1、为模式定义需要专家知识。制定适当的中介模式需要广泛的领域专业知识和对所有源数据的全面了解。达到这种洞察力可能并非总是可行的。1. Expert knowledge is required for schema definition. Developing an appropriate mediation schema requires extensive domain expertise and a comprehensive understanding of all source data. Achieving this insight may not always be feasible.

2、模式映射的复杂性。即使有半自动工具的帮助，建立模式映射也是一个复杂和劳动密集的任务。这一过程经常导致显著的处理开销，并需要大量的人工干预。2. Complexity of schema mapping. Even with the help of semi-automatic tools, creating schema mapping is a complex and labor-intensive task. This process often results in significant processing overhead and requires a lot of manual intervention.

3、数据转换困境。这个挑战有两面，取决于所选择的方法。在数据驱动的方法中，数据转换和加载的过程是资源密集型和昂贵的。另一方面，查询驱动的方法引入了查询重写和结果合并的复杂性，使得确保查询结果的正确性和可追溯性变得具有挑战性。3. Data conversion dilemma. This challenge has two sides, depending on the chosen approach. In the data-driven approach, the process of data conversion and loading is resource-intensive and expensive. On the other hand, the query-driven approach introduces the complexity of query rewriting and result merging, making it challenging to ensure the correctness and traceability of query results.

发明内容Summary of the invention

本发明的目的在于针对当前多模态数据库领域中的模式定义困难、模式映射复杂、数据转化困难的问题，提供一种基于数据湖的查询方法和装置。
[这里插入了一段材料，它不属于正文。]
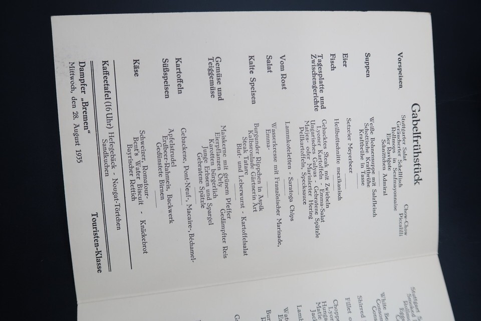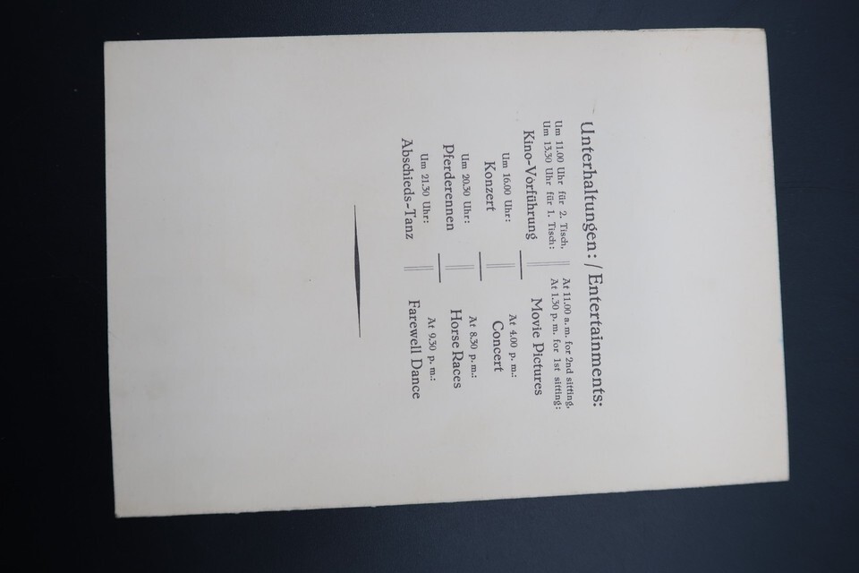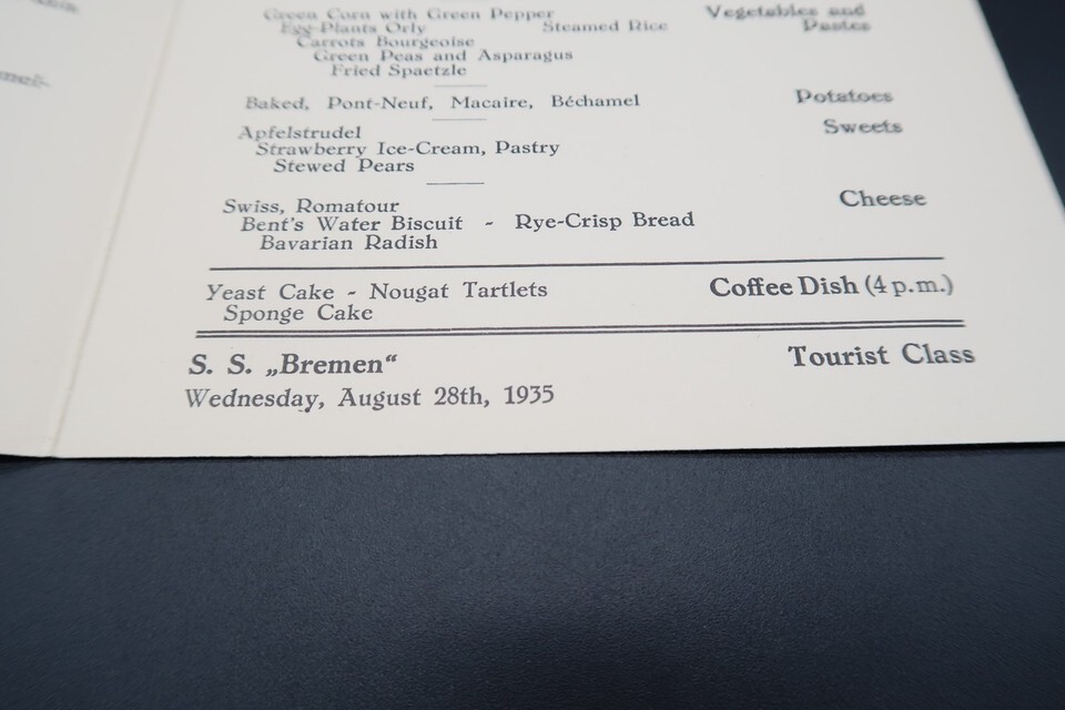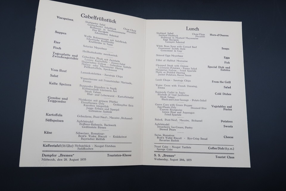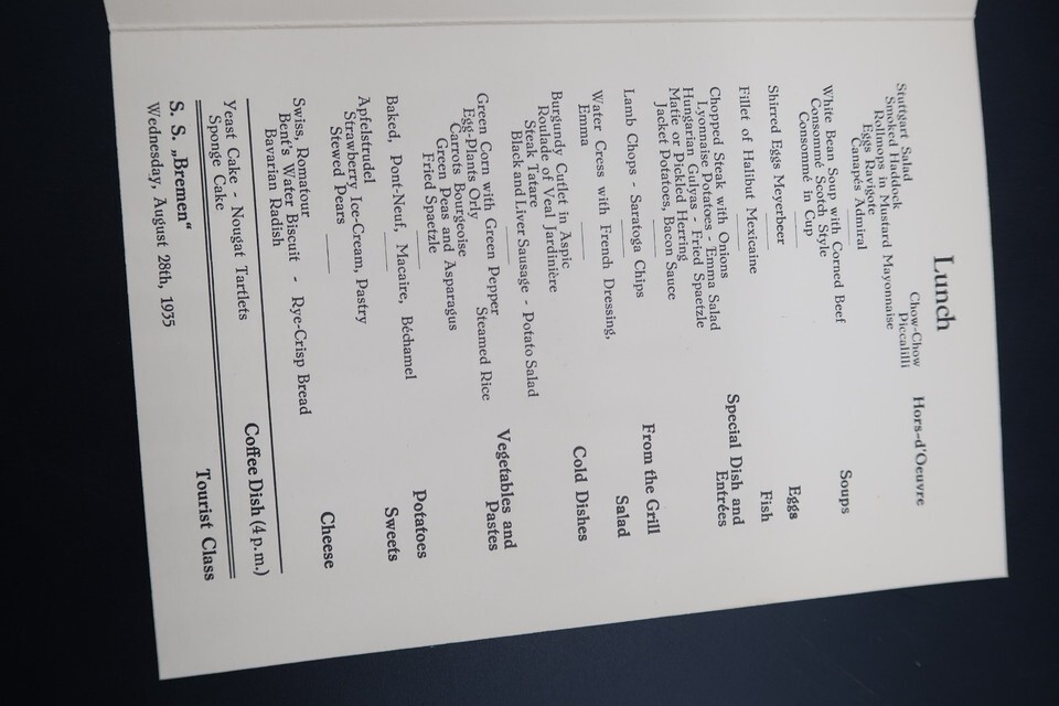 Vtg SS Bremen North German Lloyd Tourist Class Lunch Menu August 28, 1935

The purpose of the present invention is to provide a query method and device based on a data lake to address the problems of difficult schema definition, complex schema mapping, and difficult data conversion in the current multimodal database field.

本发明的目的是通过以下技术方案来实现的：一种基于数据湖的查询方法，包括：The object of the present invention is to achieve the following technical solution: a query method based on a data lake, comprising:

（1）根据用户输入，对查询的目标数据集进行采样，得到模式信息M和数据样本信息S，从而构建查询Q；(1) Based on the user input, the target data set of the query is sampled to obtain the pattern information M and data sample information S, thereby constructing the query Q;

（2）将查询Q分解成若干个子任务，从而构建处理图G；(2) Decompose the query Q into several subtasks to construct a processing graph G;

（3）修正处理图G，采用shuffle技术和/或Collapse技术，并结合成本模型对修正后的处理图G进行优化；(3) Modify the processing graph G, use the shuffle technology and/or the collapse technology, and optimize the modified processing graph G in combination with the cost model;

（4）根据优化后的处理图生成代码并执行，以输出用户查询结果。(4) Generate code based on the optimized processing graph and execute it to output the user query results.

进一步地，从目标数据集中进行数据采样，获取最具代表性的数据样本，其核心逻辑在于数据特征统计和空值去除。此外，遵循主外键关系从关联的数据中检索可连接的元组，整合数据关联信息，加入到模式信息M，最终形成查询Q。Furthermore, data sampling is performed from the target data set to obtain the most representative data samples. The core logic is data feature statistics and null value removal. In addition, the primary and foreign key relationships are followed to retrieve connectable tuples from the associated data, and the data association information is integrated and added to the pattern information M to finally form the query Q.

进一步地，所述将查询Q分解成若干个子任务，包括：Furthermore, the query Q is decomposed into several subtasks, including:

使用大模型将查询Q分解成若干个子任务。Use the big model to decompose the query Q into several subtasks.

进一步地，所述大模型还经过如下训练：Furthermore, the large model is trained as follows:

以子任务和对应的操作符为训练集，用于训练大模型；The subtasks and corresponding operators are used as training sets to train the large model;

训练好的大模型用于将所述子任务转化为对应的操作符。The trained large model is used to convert the subtasks into corresponding operators.

进一步地，所述修正处理图G包括：形式修正、逻辑修正和全局修正；所述形式修为针对处理图中子任务描述引用的表名、列名进行检查；所述逻辑修正为针对子任务描述中的条件进行检查；所述全局修正为针对子任务之间的关系进行检查。Furthermore, the modified processing graph G includes: formal correction, logical correction and global correction; the formal correction is to check the table name and column name referenced by the subtask description in the processing graph; the logical correction is to check the conditions in the subtask description; the global correction is to check the relationship between the subtasks.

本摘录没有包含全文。